Sep 27 2010
The National Science Foundation has announced funding for Dr. Yi Guo’s research at Stevens Institute of Technology into a rigorous mathematical approach to the analysis and control of coupled semiconductor laser systems.
Dr. Guo, from the Department of Electrical and Computer Engineering, will partner with Dr. Leonid Bunimovich at Georgia Institute of Technology, Dr. Yehuda Braiman of Oak Ridge National Laboratory (ORNL), and graduate students at Stevens, Georgia Tech, and the University of Tennessee-Knoxville.
Dr. Guo and her team are approaching semiconductor laser arrays as complex systems exhibiting collective behaviors that can be measured and manipulated to achieve desirable results. Since the 1950s, diverse researchers have been studying collective systems and structures to observe and quantify behavior at the individual agent and system levels. Despite recent progress in the study of these system behaviors, analysis has historically been limited to organizations and structures that produce feedback linearly or offer static observations. Research in laser arrays has also demonstrated limitations in the science, as many studies assume all devices in a system are identical, which is not an accurate representation of realistic scenarios.
Collective behavior is a complex but familiar phenomenon, observable in gene and neuron development, the flocking of birds, and the operation of man-made structures such as large power distribution systems, transportation networks, and computer sensor components. Although relationships between objects in these complex systems have been described, the possibility of working with a laser array presents a unique opportunity to precisely analyze collective behavior in a highly-controlled environment.
“Semiconductor lasers have many contemporary and future applications to science and industry,” says Dr. Yu-Dong Yao, Director of the Electrical and Computer Engineering Department at Stevens. “Through their focused, mathematical approach, Dr. Guo and her research colleagues will also contribute to our understanding of collective behavior benefiting scientists in many disciplines.”
Coupled lasers act as collective structures since the devices, each operating with a different intrinsic frequency, must be synchronized with one another to derive the exponential results offered by phase-locked beams. Furthermore, a phase-locked system is not necessarily steady, and the synchronization may degenerate to incoherence. Despite these complexities, laser arrays are also interactive and controllable, with distinctly measurable outputs and results. Synchronizing the arrays thus provides the research team an opportunity to systematically test their mathematical model of collective behavior while solving the real-world problem of collective synchronization of laser devices.

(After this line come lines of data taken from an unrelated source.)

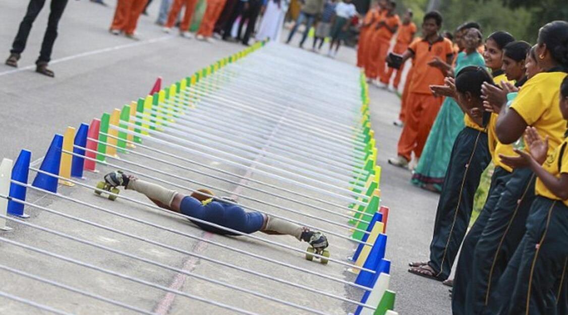 来自印度提如帕提的帕拉萨德滑过53辆汽车的滑行距离长达100米,而他仅用了22.59秒时间。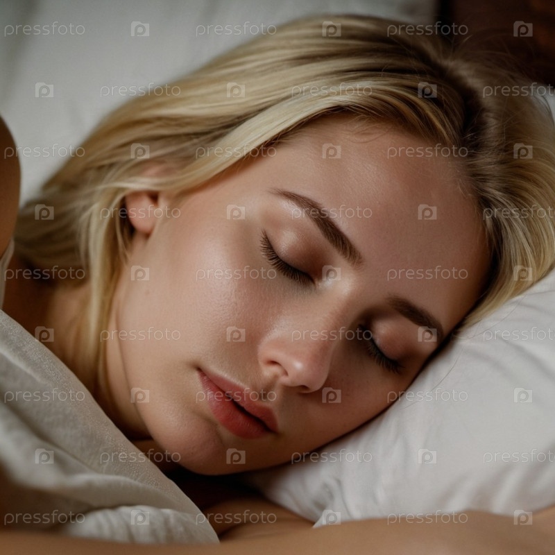 Мирная блондинка крепко спит в уютной постели, окруженная мягкими подушками и безмятежной ночной атмосферой. Генеративный ИИ. Молодая блондинка спокойно спит в постели, наслаждаясь спокойным моментом
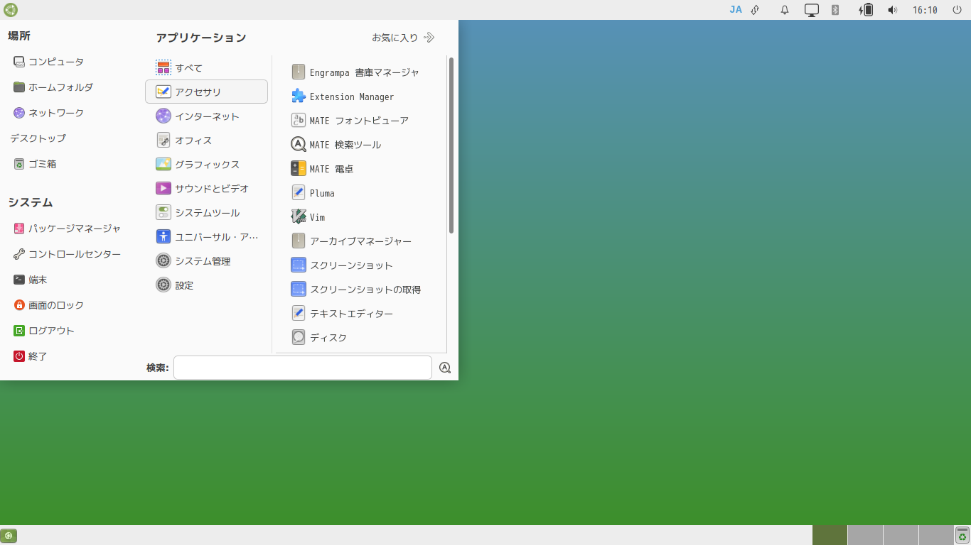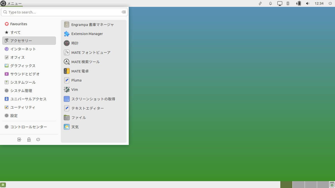 メニューは、前ページで、「Advanced MATE Menu」をインストールしていますので、「Brisk Menu」と置き換えて、使用します。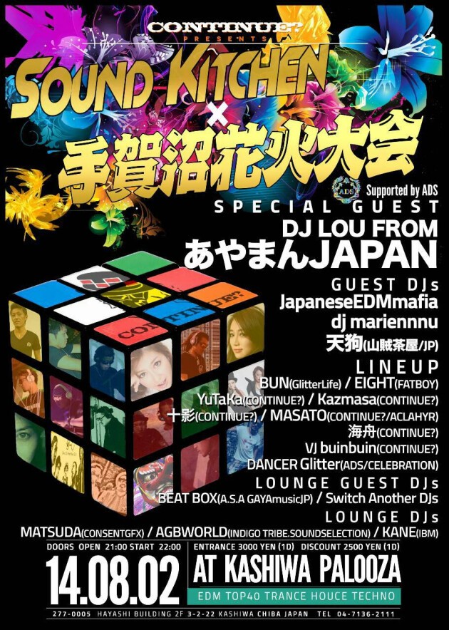 年間延べ2000人以上のパーティクラウドを魅了し続けるCONTINUE?が8月2日手賀沼花火大会アフターパーティとして、柏PALOOZAにて開催!!!
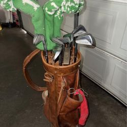 Mixed Brand Golf Iron Set w/ Vintage Leather Bag$75Brighton, TN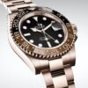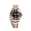 Rolex GMT-Master II Rootbeer watch of 18k Everose gold case with polished finished edges and a brushed/satin finished top. This model has Black dial with a polished 18k Everose Gold hour and minute hands in Mercedes-logo and Breguet-style sword shape with luminous fill and polished 18k Everose Gold seconds hand. Applied polished 18k Everose Gold rimmed index doty hour markers with luminous fill. Fine printed minute/seconds track on the dial rim. Highly legible Chromalight display with long-lasting blue luminescence. Date window displayed at the 3 o’clock position with a cyclops magnifier. Polished 18k Everose Gold patented “Triplock” locking crown ensuring that the crown screws down onto the Oyster case as securely as a submarine hatch. The dial closed by a Scratch-resistant Sapphire Crystal and solid case back made. GMT/2nd Time Zone Function: the blue hand indicates GMT/Dual Time zone with a luminous filled arrowhead tip pointing to the 24 hour indications on the bezel. Besides the watch has instantaneous date and Stop-seconds for precise time setting. The watch is equipped polished 18k Everose Gold bidirectional rotating bezel with a ribbed edge for a sure grip and 24-hour markings. He has Black and brown Cerachrom bezel insert, made of highly durable ceramic that is extremely hard, highly scratch-resistant, has excellent corrosion resistant properties and is unaffected by ultraviolet rays so the color will not fade. The bezel has matte Everose Gold coated Arabic Numerals and graduating indexes. The movement is mechanical self-winding 3285, containing 31 Jewels and 70 hours of power reserve. This model presented on an 18k Everose Gold Rolex Oyster bracelet of brushed outer links and polished center links with folding Oysterlock safety clasp with Easylink 5 mm comfort extension link. The water resistance is up to 100 meters/330 feet.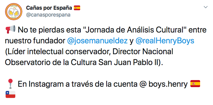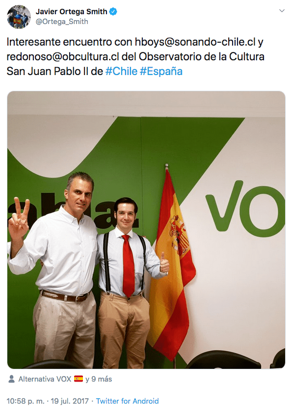 En esta foto de 2017 podemos ver a Javier Ortega Smith con Henry Boys, abogado que quiere acabar con el Marxismo en Chile y que promueve la castidad: «Practico la castidad hasta el matrimonio. De hecho, he terminado con pololas porque se nos hace difícil la castidad«. Este joven es el director del Observatorio de la Cultura San Juan Pablo II. Pues bien, el Director Ejecutivo de esta misma fundación es Rodrigo Donoso Baeza, quien, según «The Clinic«, es miembro y reclutador de El Yunque. De hecho, la misma fuente identifica a Henry Boys como antiguo miembro de El Yunque.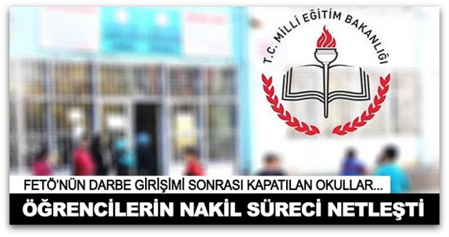 Milli Eğitim Bakanlığınca, FETÖ\'nün darbe girişimi sonrası kapatılan özel ilköğretim ve ortaöğretim kurumlarındaki öğrencilerden resmi okullara geçmek isteyenlerin nakilleri, 30 Eylül 2016\'ya kadar yapılacak.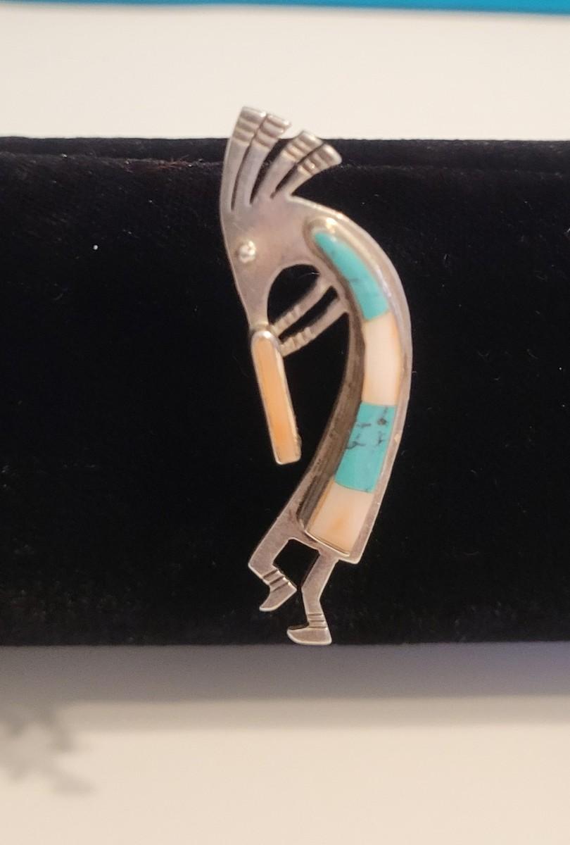 SIGNED STERLING BROOCH 5.90g & LIQUID SILVER BRACELET 5.56g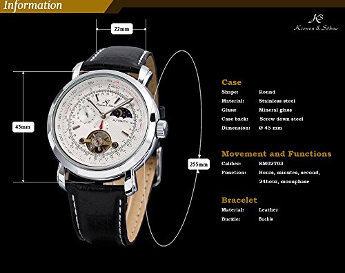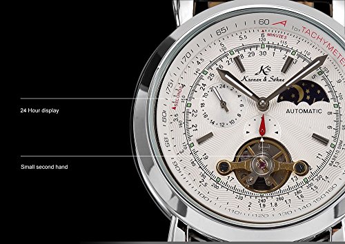 -. Binding : Watch -. Brand : KS -. Color : White -. Department : Mens -. EAN : 0700371429652 -. Feature : Kronen&Söhne originale watch / Small second hand is integrated to sub dial, 24 hours display. / 12 months International Guarantee. / ATTENTION!!! Automatic movements mark the passage of time by a series of gear mechanisms, and are worked by the movement of your wrist as you wear it. It will stop if the watch stop moving for a long time, please turn the crown of watches by hand / Be Sent in a solid box with a warranty card. 12 months International Guarantee -. Label : KS -. Manufacturer : KS -. Model : KS069 -. MPN : KS069 -. PartNumber : KS069 -. ProductGroup : Watch -. ProductTypeName : WATCH -. Publisher : KS -. Studio : KS -. Title : KS Luxury Tourbillion Moon Phase Automatic Mechanical White Dial Men's Wrist Watch KS069 -. UPC : 700371429652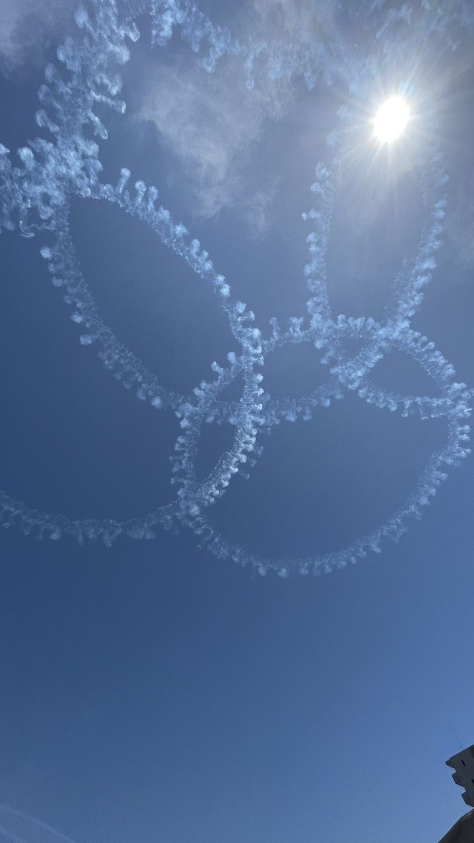 飛行音につられて空を見上げたら、回転しながら飛行するブルーインパルス‼️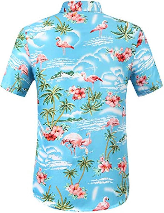 100% Polyester Imported Button closure Tumble dry 【Enjoy Summer Island Style with Our Flamingo Shirt】: Our mens hawaiian shirts features an eye-catching pink flamingo and tropical plant prints that are sure to turn heads. Made of 100% polyester, the fabric is light, soft, and quick-drying, making it ideal for those hot summer days. A bright pink flamingo and tropical print make this hawaiian shirt for men stand out in style. This flamingo hawaiian shirts for men is the perfect summer companion for those looking to rock a beach vibe. 【Soft Fabric, Easy to Care for】: Our mens hawaiian shirts short sleeve not only looks good, but it also offers a high level of comfort. The 100% polyester fabric is soft against the skin, making it comfortable to wear for long periods. Additionally, the quick-drying nature of the fabric means that you won't have to worry about sweat or water leaving you feeling damp and uncomfortable. The hawaiian shirt for men is also easy to care for, making it a convenient choice for your summer wardrobe. 【Hawaiian Shirt for Men Perfect for Every Occasions】: Our mens beach shirts is designed to keep you cool and comfortable even on the hottest days. This mens hawaiian shirts is perfect for any outdoor activity. Whether you're going to the beach, attending a summer party, luau, or just relaxing at home, this beach shirts for men will bring island vibes to your wardrobe. This hawaiian shirt for men can be paired with Hawaiian shorts, casual pants and even jeans, making it incredibly versatile. 【Great Gift For Him】: You can't go wrong with a hawaiian shirt for men. Our button up hawaiian shirt for men make for a great gift for any fashion-conscious man in your life, whether he's a beach bum or just looking to add some tropical flair to his wardrobe." Featuring a soft fabric, bright colors and vivid prints, Our mens beach shirts also make great gifts for Father's Day, Valentine's Day, Christmas, and more. With its soft and fun look for men, it is a great gift for him that he will love. 【100% Satisfaction Guarantee】: You can trust that the hawaiian shirt for men you purchase will exceed your expectations. Our 100% satisfaction guarantee means that if you're not completely satisfied, you can return it for a full refund or an exchange. Our mens hawaiian shirts will keep you comfortable and cool during the summer months. Your satisfaction is our top priority, so you can trust our funny hawaiian shirts for men to provide maximum comfort and breathability to keep you cool!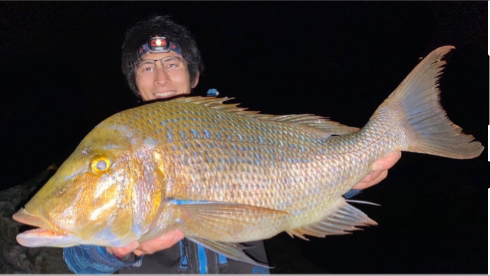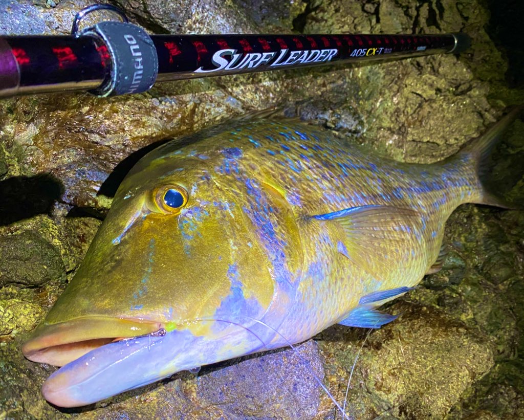 この隙に下段に降りるか悩んだが、手前の根を交わすため高い位置に居座りドラグフリーで待機。少しずつラインが出始めたので竿を煽る。すると魚信が復活。一気に下段へ降りて距離を詰めるが、ここでまた根に張り付かれた。ドラグフリーで暫く待っていると、魚が根から出る感触が伝わってきたのでいっきに竿を立て引き剥がした。魚は右側の根際を滑走する様に向かってくる。行けるところまで斜面を上り左に竿を寝かせ強引に寄せるとハマフエフキが浮上。同行者の差し出す玉網に納め釣り上げた。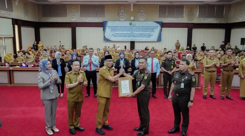 RILISINFO.COM, BANDAR LAMPUNG — Gubernur Lampung Rahmat Mirzani Djausal menerima penyerahan Berita Acara Kesepakatan Bersama atas Tindakan Hukum Lain dari Jaksa Pengacara Negara (JPN) Kejaksaan Tinggi Lampung terkait pemulihan aset milik Pemerintah Provinsi Lampung di Pangkalan Pendaratan Ikan (PPI) Kalianda, Muara Piluk, dan Ketapang. Acara tersebut berlangsung di Gedung Pusiban, Kantor Gubernur Lampung, Selasa (30/9/2025).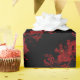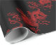 Ein blutroter chinesischer Drache gegen einen schwarzen Hintergrund.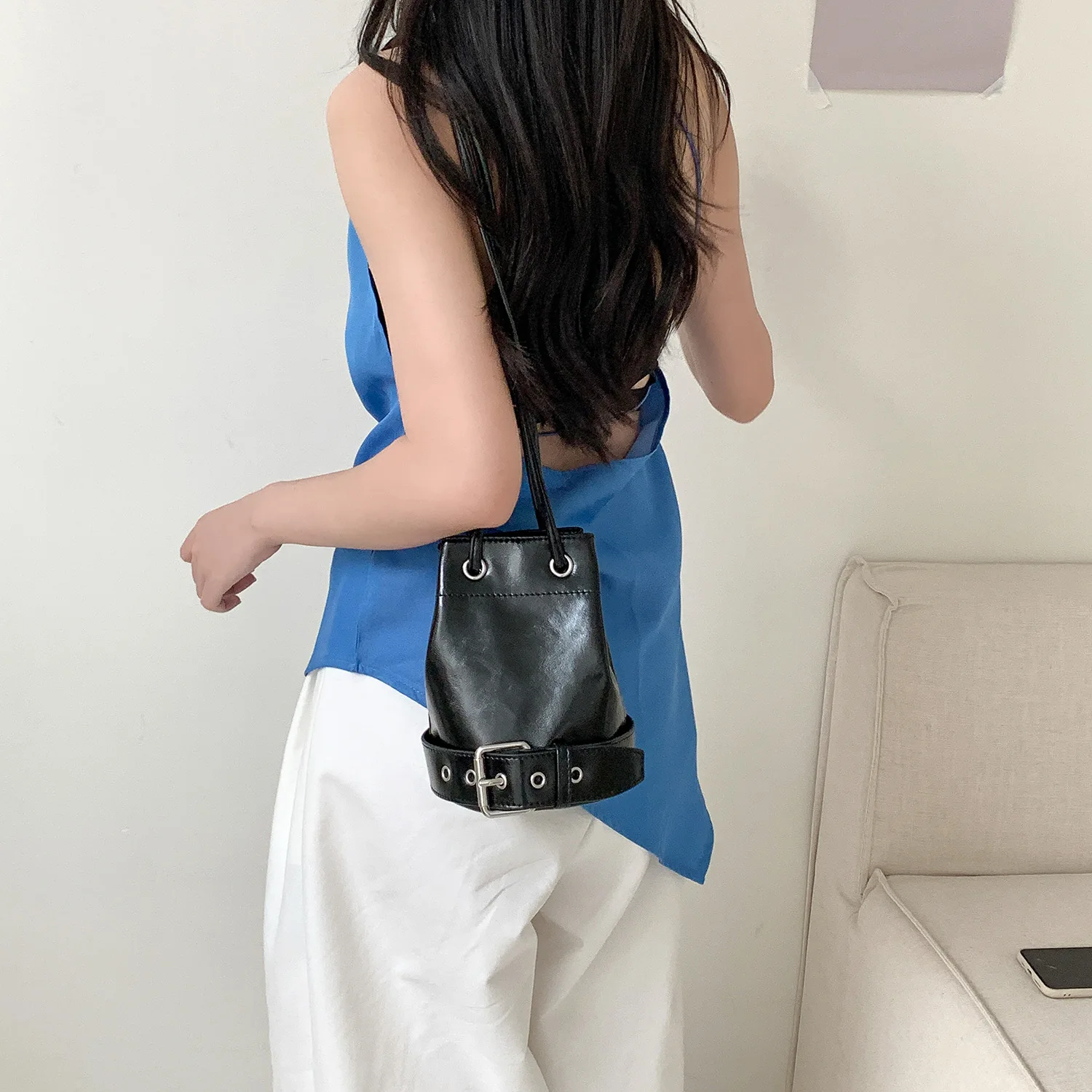 2025 Autumn Casual Drawstring Ruffles Cylinder Shoulder Bags High Quality Waterproof Handbags Mini Crossbody Bags for Women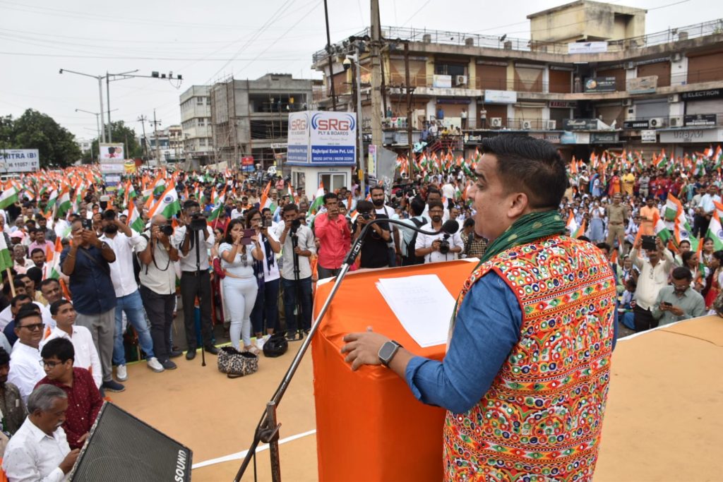 સરહદી જિલ્લા કચ્છના ગાંધીધામ ખાતે યોજાયેલી તિરંગા યાત્રામાં વિવિધ સમાજો, સંસ્થાઓ દ્વારા ગૃહ રાજ્યમંત્રીશ્રીનું સન્માન કરાયું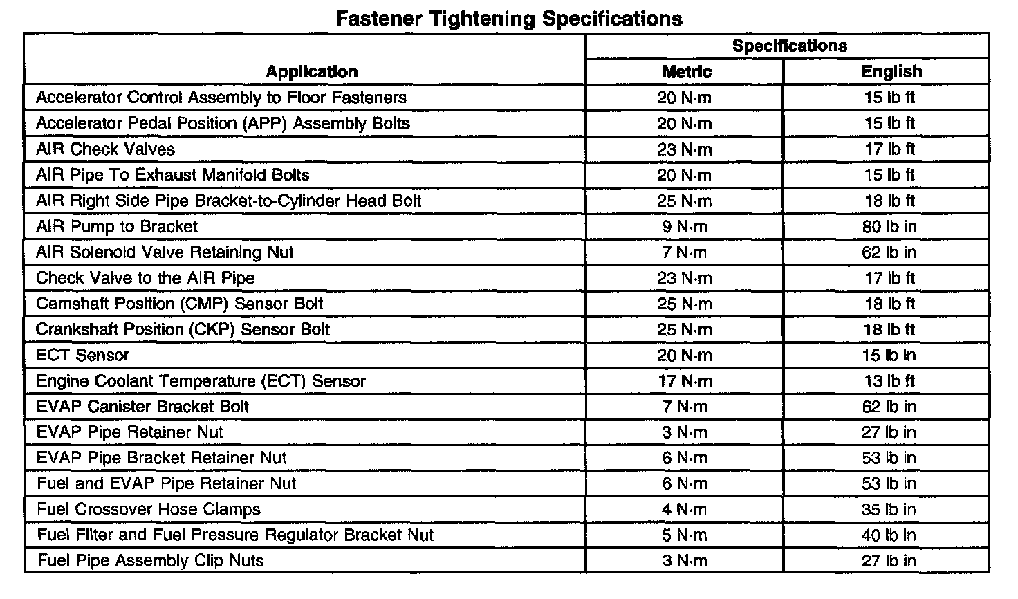 Fastener Tightening Specifications (Part 1 Of 2):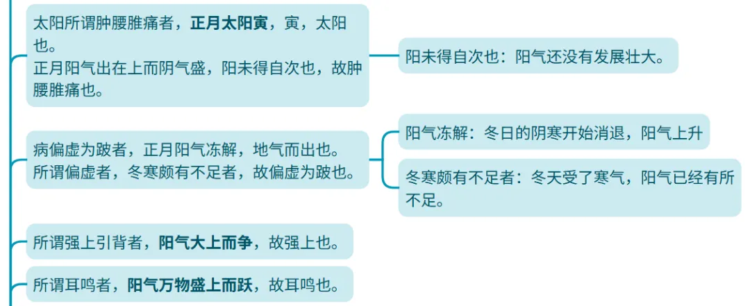 肿腰脽痛:正月阳气欲升而被阴邪阻滞,腰臀为太阳所过,气滞水停。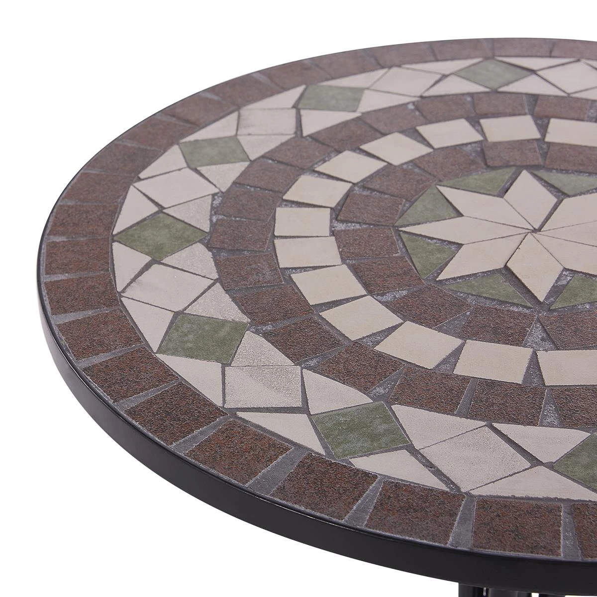 Geniet van een kopje thee in de zon met deze charmante bistroset voor buiten. Perfect voor kleine en grote ruimtes, het heeft gebeeldhouwde rugleuningen en een intrigerend mozaïekpatroon gemaakt van keramische tegels. Style het in je achtertuin of b

“The potential applications of this research go beyond the boundaries of Dr. Guo’s own research and could be applied widely to predict behavior in complex systems studied by biologists, physicists, computer scientists, and other scholars,” says Dr. Michael Bruno, Dean of the Charles V. Schaefer, Jr. School of Engineering and Science. “Her work puts Stevens at the cutting edge of multiple developing research fronts.”